Comparison To Predicate Devices:
The Heartport Thoracic Surgical Trocars are equivalent in intended use and operational characteristics to the following devices: (1) U.S. Surgical - Auto Suture Thoracoport 11.5 Disposable Trocar, (2) Origin Medsystems (a Guidant Corp.) - Surgical Trocar mm Thoracic, (3) Ethicon (a Johnson & Johnson co.) - Endopath Thoracic Trocar Sleeve with Rounded Tip Obturator, (4) Snowden-Pencer - Reusable Thora-Port and (5) Deknatel -Gabby-Frater Suture Guide.
The Heartport Thoracic Surgical Trocars combine the same functions as the individual predicate devices into a single device.
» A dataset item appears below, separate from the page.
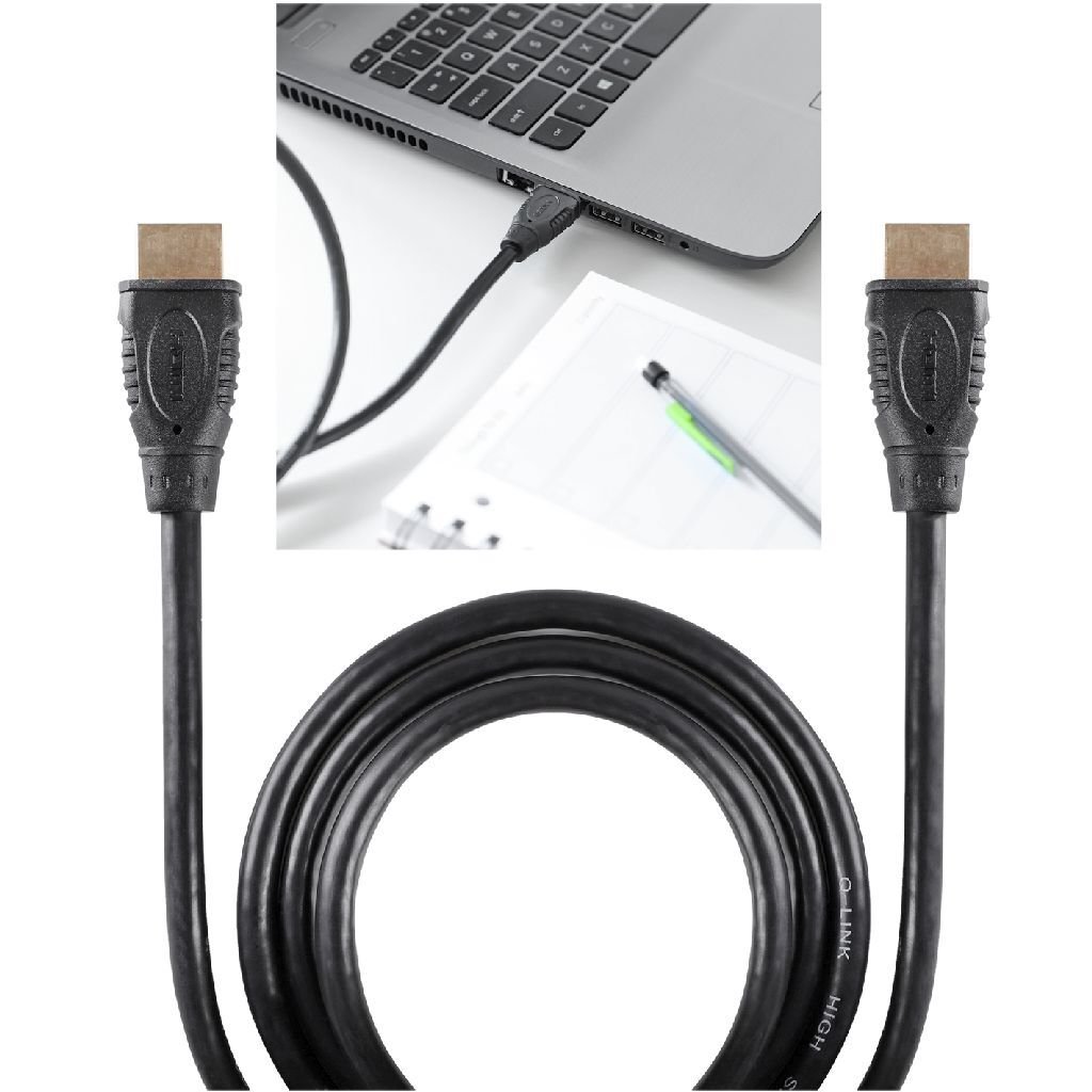 Met deze zwarte Q-Link HDMI kabel van 1,8 meter bereik je de gewenste HD kwaliteit met hoge resolutie en geluidskwaliteit. Perfect om een monitor aan te sluiten op een laptop, geschikt voor spelcomputers, beamers en digitale TV.

Heartport Thoracic Surgical Trocars may be used with the Heartport Oval Light accessory device to provide illumination to the surgical site.
Non-Clinical Test Results:
Performance
The Heartport Thoracic Surgical Trocar was evaluated in vitro for performance including compatibility with endoscopic instruments and suture organization ability. In addition, the Thoracic Surgical Trocar was evaluated during in vivo studies. Performance testing demonstrated that the Heartport Surgical Thoracic Trocar was safe and effective, while meeting the anticipated clinical requirements for its intended use.
Biocompatibility
The materials used to fabricate the Heartport Thoracic Surgical Trocar and Oval Light are the same as, and in most cases identical to, the predicate devices. The materials used in the Heartport Thoracic Surgical Trocar and Oval Light have proven biocompatibility.
Summary:
Based on the intended use, product information, performance and biocompatibility data provided in this Notification, Heartport Thoracic Surgical Trocars have been shown to be substantially equivalent to currently marketed predicate devices.